-- The task --
For this exercise, repeat the whole listing below exactly. Leave the pictures out.
--- Supplied material ---
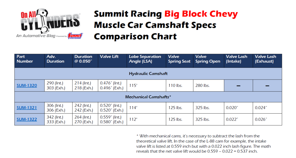 Summit Racing Big Block Muscle Car Camshaft Part Numbers, Specs & Comparison Chart
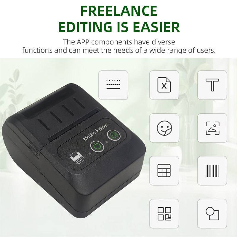 Printer Mini Portable Bluetooth Thermal 58mm Free Gift 3 Roll Kertas Cetak Resi Nota Struk Penjualan
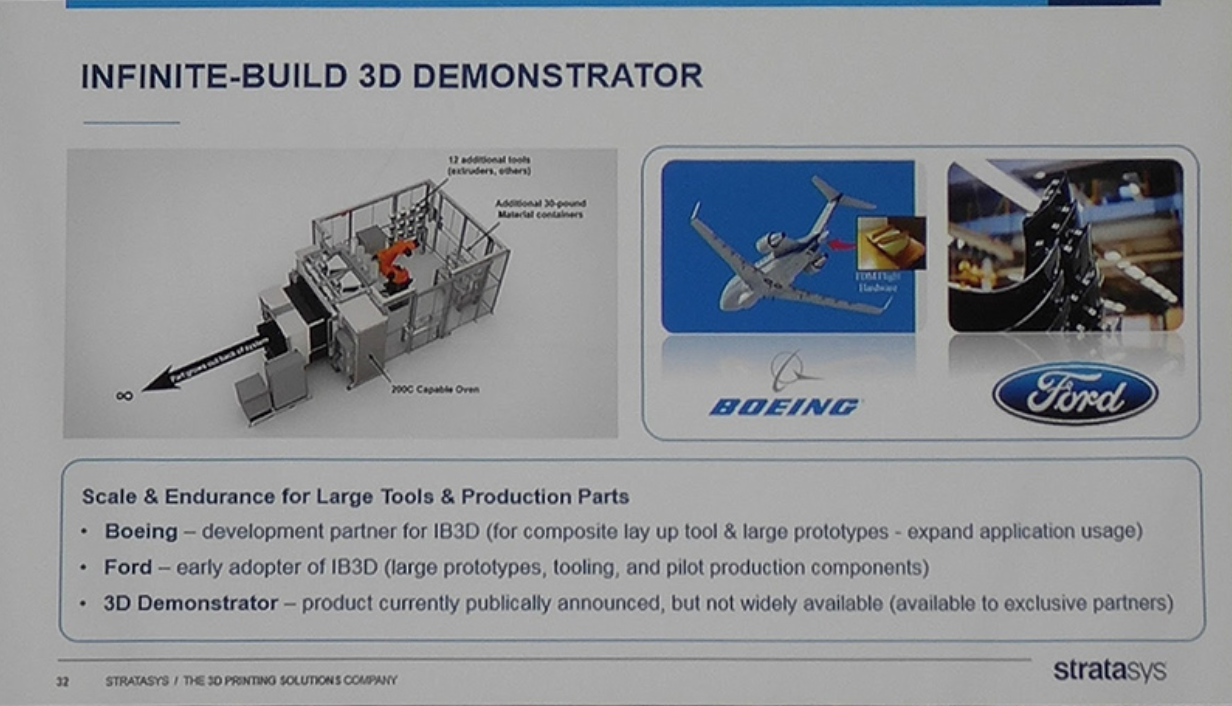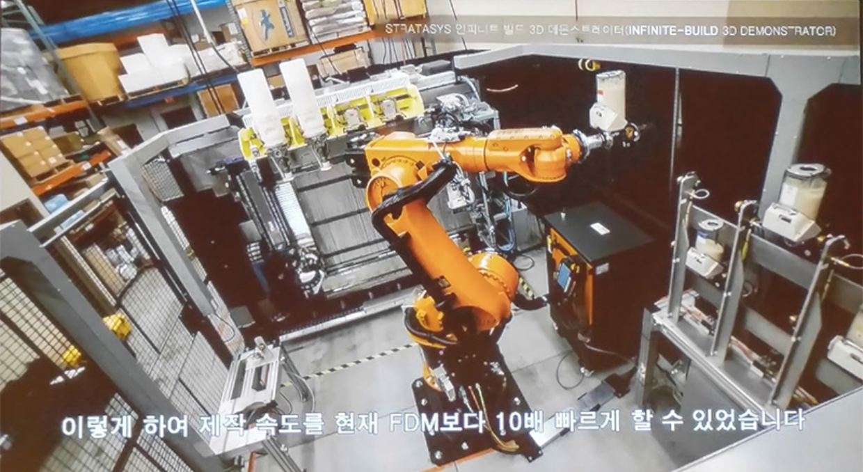스트라타시스는 현재 연구 중인 3D 프린팅 신기술도 소개했다. 스트라타시스가 선택한 것은 산업용 로봇 암에 3D 프린팅 기술을 결합한 것이다. 대표적인 것이 인피니트 빌드(인피니트-빌드 3D 데몬스트레이터)와 로보틱 컴포지트(로보틱-컴포지트 3D 데몬스트레이터)다. 인피니트 빌드는 Z축으로(아래에서 위로) 물건을 제작하는 기존 3D 프린터와 달리 Y축으로 물건을 제작할 수 있다. 쉽게 말해 기존 3D 프린터를 옆으로 눕힌 개념이다. Z축 방향으로 제작할 경우 3D 프린터의 헤드가 높이 올라가지 않는 한 제작할 수 있는 크기가 한정돼 있지만, Y축의 경우 트레이를 계속 이동시키면 되기 때문에 대형 부품 제작에 어울린다. 보잉은 현재 제조 공정 일부에 이를 시험하고 있다. 또한, 산업용 로봇 암을 통해 재료가 떨어지거나 다른 재료로 바꿔야 할 경우 이 로봇 암이 자동으로 이런 작업을 거치기 때문에 관리자의 작업도 줄어든다.’’’
---
-- Response area --
 Summit Racing Big Block Muscle Car Camshaft Part Numbers, Specs & Comparison Chart
 Printer Mini Portable Bluetooth Thermal 58mm Free Gift 3 Roll Kertas Cetak Resi Nota Struk Penjualan
스트라타시스는 현재 연구 중인 3D 프린팅 신기술도 소개했다. 스트라타시스가 선택한 것은 산업용 로봇 암에 3D 프린팅 기술을 결합한 것이다. 대표적인 것이 인피니트 빌드(인피니트-빌드 3D 데몬스트레이터)와 로보틱 컴포지트(로보틱-컴포지트 3D 데몬스트레이터)다. 인피니트 빌드는 Z축으로(아래에서 위로) 물건을 제작하는 기존 3D 프린터와 달리 Y축으로 물건을 제작할 수 있다. 쉽게 말해 기존 3D 프린터를 옆으로 눕힌 개념이다. Z축 방향으로 제작할 경우 3D 프린터의 헤드가 높이 올라가지 않는 한 제작할 수 있는 크기가 한정돼 있지만, Y축의 경우 트레이를 계속 이동시키면 되기 때문에 대형 부품 제작에 어울린다. 보잉은 현재 제조 공정 일부에 이를 시험하고 있다. 또한, 산업용 로봇 암을 통해 재료가 떨어지거나 다른 재료로 바꿔야 할 경우 이 로봇 암이 자동으로 이런 작업을 거치기 때문에 관리자의 작업도 줄어든다.’’’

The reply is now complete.